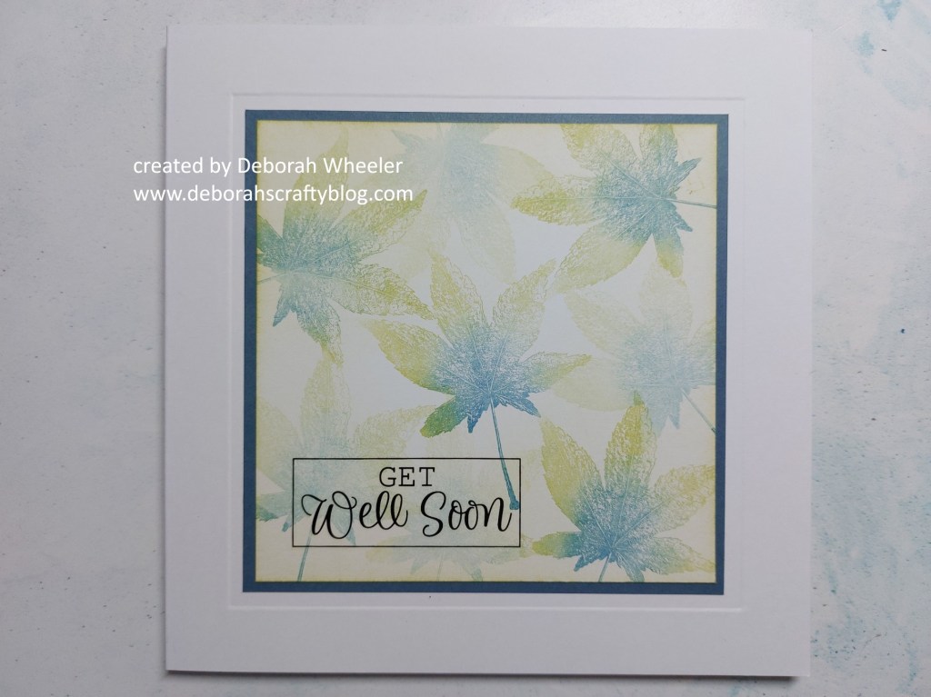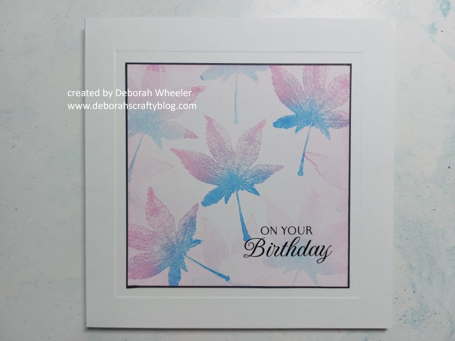 I started with a 4.25″ square of stencil card and chose one of the Elementree leaf stamps. For this one, I blended ‘uncharted mariner’ and ‘peeled paint’ Distress Oxides onto the stamp using a spot-on sponge. I then stamped the leaf in the centre of the card and then repeated it again to the side without reinking (that’s the second generation). I repeated the exercise until the card was filled with leaves doing my best to get a random pattern.
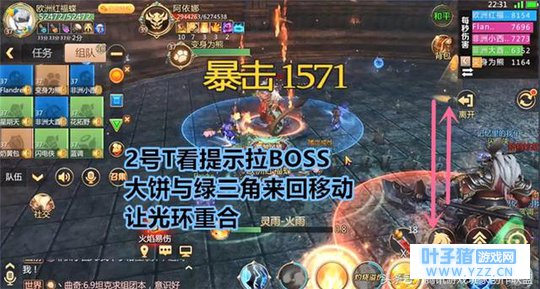 只要第2组中的T根据屏幕提示不断拉着BOSS走位(大饼与绿三角之间走),就可以轻松破解所有与光环相关技能。
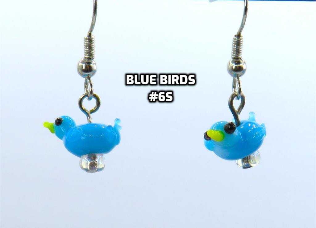 *3-D Blue Bird Lampwork Glass 7x14mm Bead Earrings
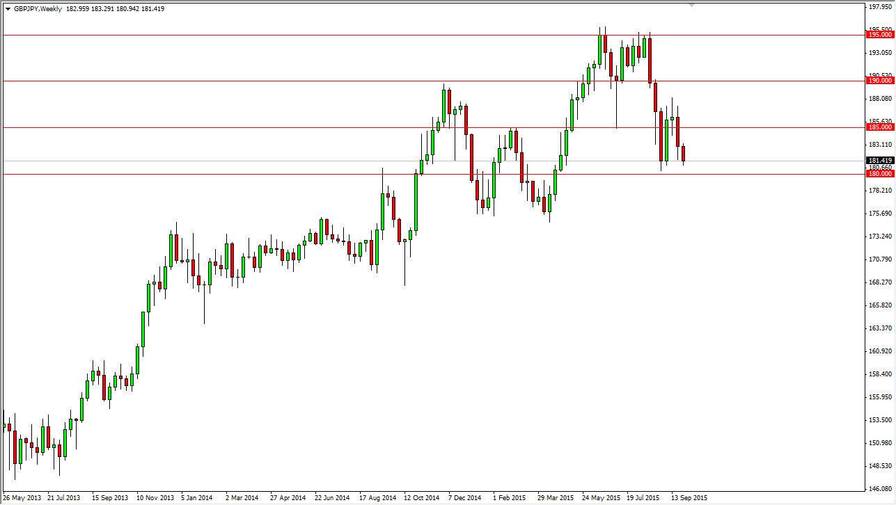 I believe that the 180 level is essentially a bit of a “floor” in this marketplace and as a result it’s only a matter of time before we find buyers in this region. I think that this market is going to represent a decent buying opportunity, but we need to have a stable global market in order to do so. Stock markets need to find a little bit of support, as they have been selling off quite drastically over the last several weeks. However, if we get some type of stability and confidence building situation, this pair should continue to go higher. Don’t forget, this pair tends to move rather rapidly, so if you catch it as it bounces, you could find quite a bit in the way of profits.

* Problem requirements:
All that the answer may contain is the exact text of the lines from the one with "7x14mm Bead Earrings" through the last line of the material, pictures excluded.

* Solved exercise:
 *3-D Blue Bird Lampwork Glass 7x14mm Bead Earrings
 I believe that the 180 level is essentially a bit of a “floor” in this marketplace and as a result it’s only a matter of time before we find buyers in this region. I think that this market is going to represent a decent buying opportunity, but we need to have a stable global market in order to do so. Stock markets need to find a little bit of support, as they have been selling off quite drastically over the last several weeks. However, if we get some type of stability and confidence building situation, this pair should continue to go higher. Don’t forget, this pair tends to move rather rapidly, so if you catch it as it bounces, you could find quite a bit in the way of profits.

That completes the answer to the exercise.